Затеси - Астафьев Виктор Петрович 4 стр.


Я бегу по траве, к берегу, оставляя за собой темные полосы. Сапоги мои блестят от росы. Забредаю в воду. Сонный окунишка запутался в траве, забился в панике, выкинулся на кочку. Он растопырил все колючки, готовый защитить свою маленькую жизнь. Но никто на него не нападал, и он бочком, бочком соскользнул в воду да как помчится по самому верху, прочеркивая гладь воинственно поднятым гребешком.

И вот мы снова среди плеса, немножко вялы со сна. Делаем первые забросы. Лодку кружит и медленно несет по течению. Я подматываю блесну. На тройнике усом висит трава, блесна не играет. Отцепляю траву, замахиваюсь для второго заброса, но слышу тихое: "Ша!"

Товарищ мой глазами показывает под склонившийся над водой черемушник, где расходятся плавные круги.

Я вглядываюсь пристальней и вижу парочку уток, ту самую, видать, что пролетала вечером над нами. Селезень, поистративший свою весеннюю красоту и изрядно отощавший, без всякой опаски кормится, то и дело погружая в воду голову. А утка окунется, почавкает и тут же озирается, покрякивая. Можно даже догадаться, о чем она говорит своему непутевому супругу. Дескать, вечно вы, мужики, такие. Ни заботы, ни печали. Поесть, выпить да выспаться всласть - вот и вся ваша забота.
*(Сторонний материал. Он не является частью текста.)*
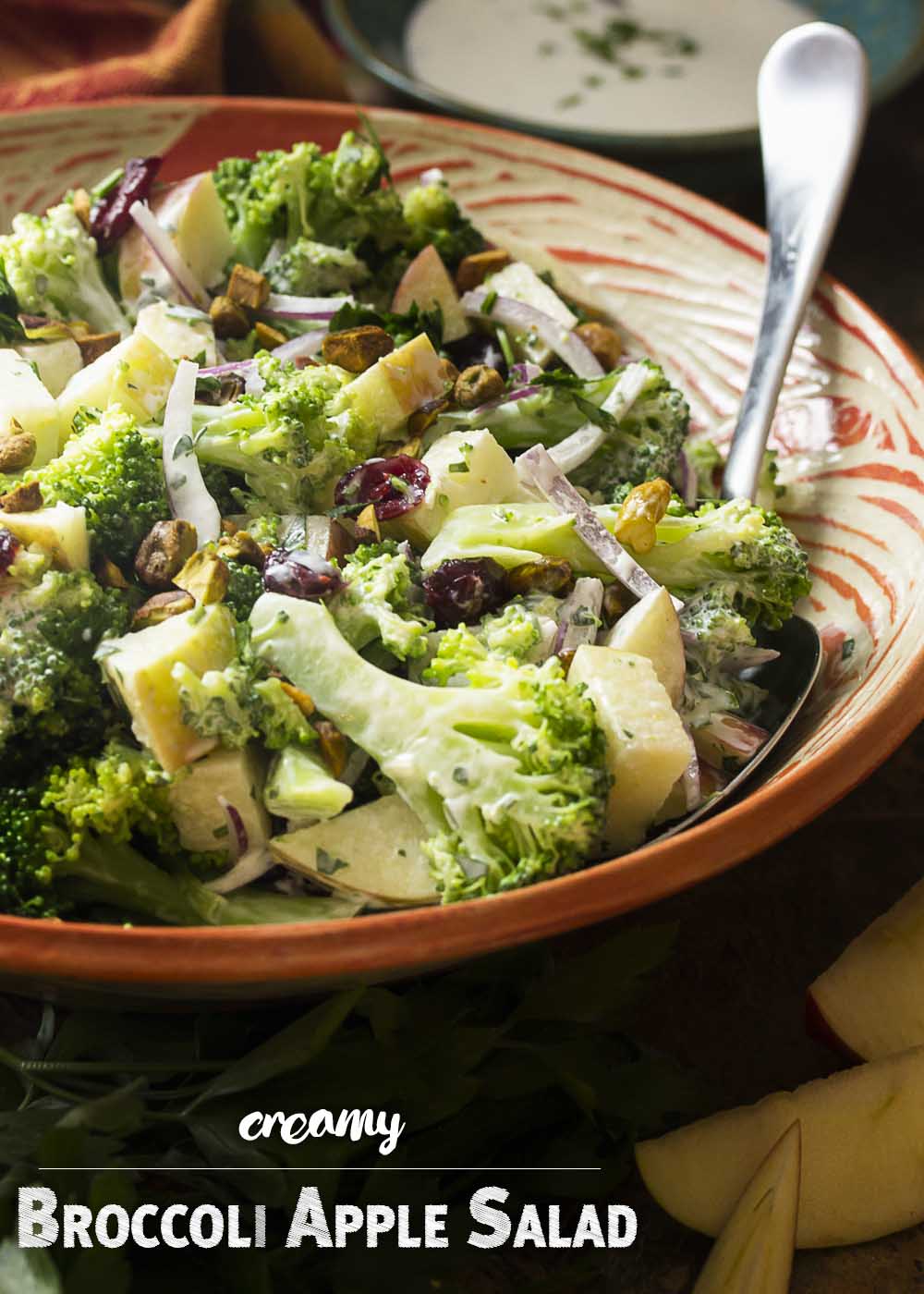 Creamy Broccoli Apple Salad with Pistachios, Cranberries, and Red Onion
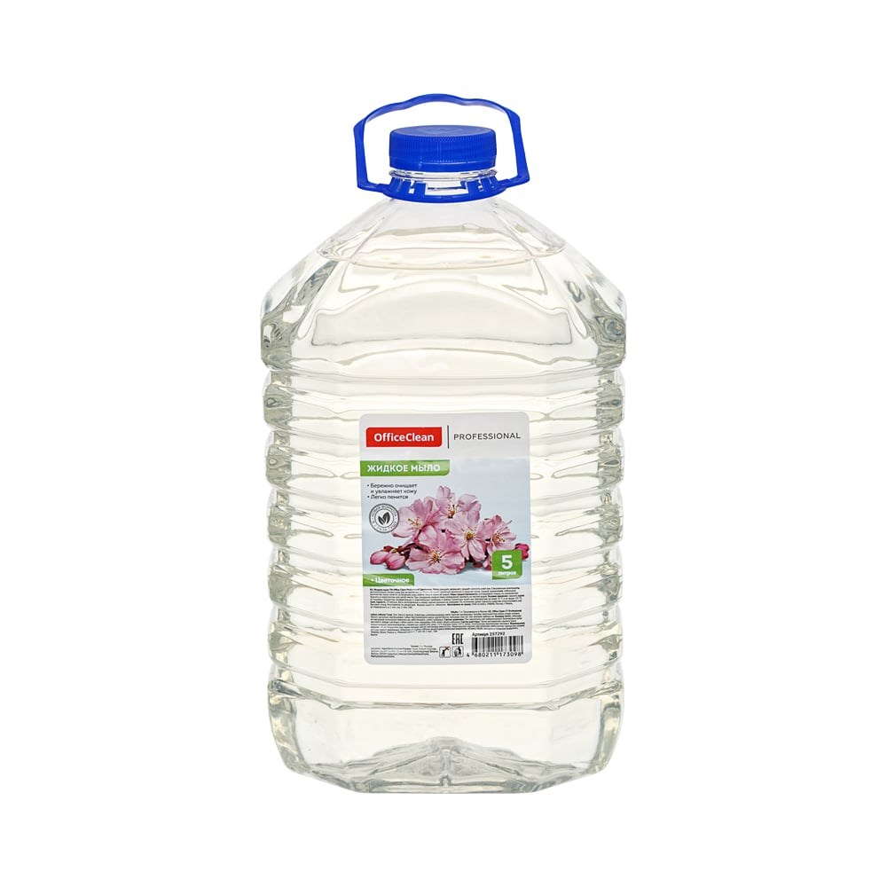 Жидкое мыло OfficeClean Proffesional Цветочное прозрачное, ПЭТ, 5 л 257292/П предназначено для мытья рук и тела. Хорошо пенится, за счёт чего имеет экономичный расход. Легко смывается проточной водой, поэтому не требует сложного ухода, что экономит время. Благодаря увлажняющим компонентам не сушит кожу, поэтому безопасно в использовании.

А нам приходится крутиться как заведенным: яички снеси, потом детишек расти, переживай за них да еще на кормежке тебя, беспутного, карауль.

Селезень вынул из воды голову, крякнул раздраженно, не переставая закусывать, и мы поняли это так: "Довольно тебе ворчать. Вот пила! Срок охоты кончился, а ты все еще трусишь!" "Понадейся на тебя, так быстро в котелок браконьеру угодишь. Он, браконьер-то, не больно сроки признает", - отвечала рассудительная и недоверчивая утка.

Так они перебранивались между делом, а нашу лодку наносило все ближе и ближе на куст.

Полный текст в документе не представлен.